Chapter 29 - blessed by a god

  Chapter 29 - blessed by a god

  Ryn was struck.

  Pain tore across his shoulder, ripping down to his first rib. The world went blind with it, raw, indescribable.

  Before he could even register the wound, a boot slammed into his chest. Bone gave way with a sickening crack. His ribs—already splintered—shattered further as the force hurled him across the street.

  He hit the wall hard, stone biting into his back before he crumpled to the ground. Breath wouldn’t come. Every nerve screamed, his body refusing to obey.

  The world narrowed. His vision blurred, colors bleeding together, fire flickering into shapes he couldn’t place. Ariel—was she screaming? Her mouth moved, her voice distant, warped as though underwater. Or maybe he'd only imagined it.
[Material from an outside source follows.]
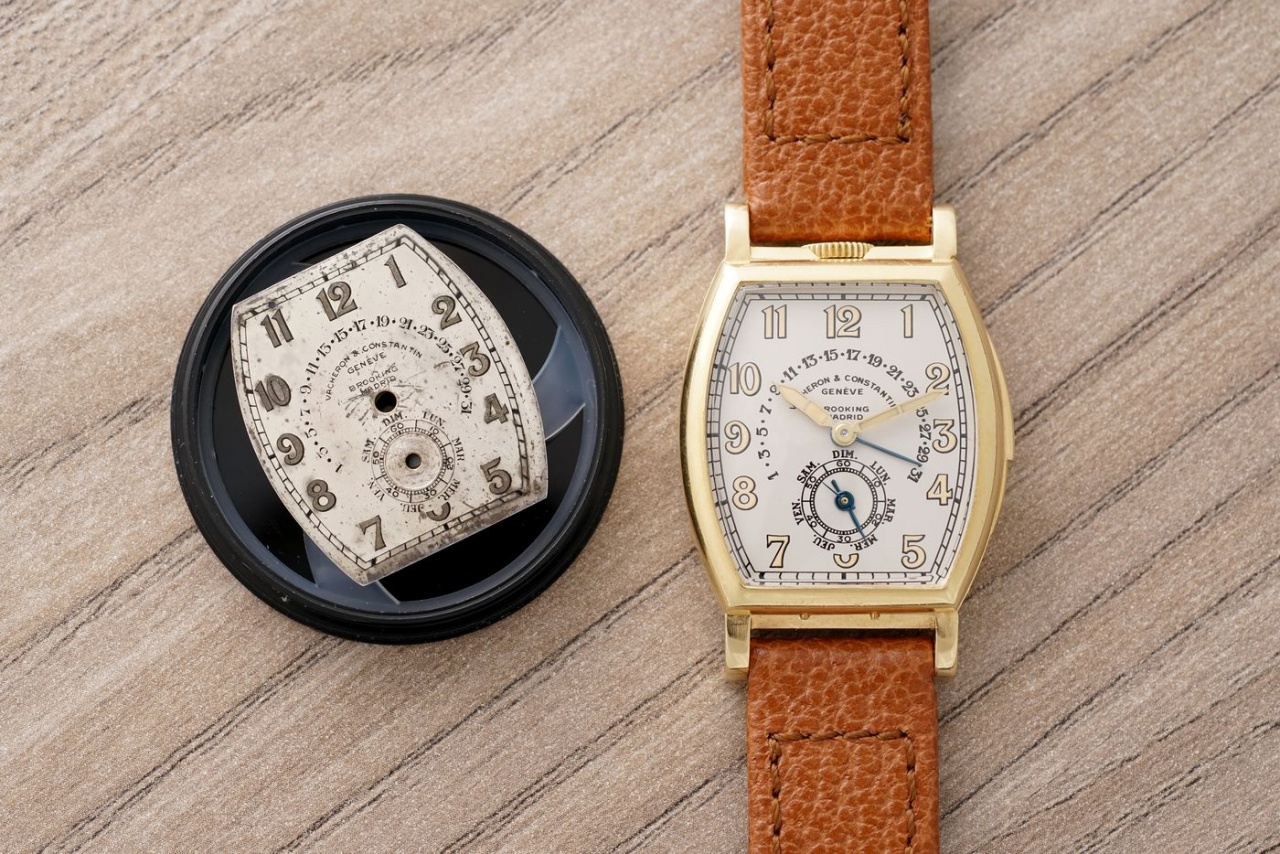 The watch was assigned to Vacheron Constantin’s expertise and talented watchmakers for restoration, left in the caring hands of its maker with the instruction to: restore the movement using the original components where possible, not to polish the case and to create a second dial, identical to the original one with the techniques used in the 1930s. The only exception being the use of modern luminous material as opposed to radium. The original unrestored dial is also offered with this watch.

  “An entire army of Blessed sent to wipe this off the map…” Ryn could hear the man’s boots drawing closer.

  “It would be an embarrassment if I somehow lost to a mundane Solvaran knight.”

  The enemy edged nearer, ready to finish him off.

  Of course, he'd been Blessed. That explained everything. From the very beginning, it seemed Ryn had been destined to lose.

  The enemy raised his weapon, edge catching the firelight, ready to strike

  “Die knowing you saved the world.”

  And then—

  A whistle through the air. A flash. A sound like wet cloth tearing.

  The man froze. His sword never fell. Instead, a strangled gasp tore from his throat as he staggered back, arms twitching wildly. Blood sprayed in twin arcs, spattering the cobblestones.

  Both his hands, blade and all, hit the ground with a sickening thud.

  The knight screamed, a raw, guttural sound that ripped through the burning street, his body convulsing as he stared at the stumps where his wrists had been.

  “Get up, boy!”

  The voice cut through the haze, sharp and commanding, dragging Ryn back from the edge of unconsciousness.

  He heard it before he saw him, the sharp, splintering crack of precious stone breaking. The sound cut through the chaos like a scream, clear and unmistakable.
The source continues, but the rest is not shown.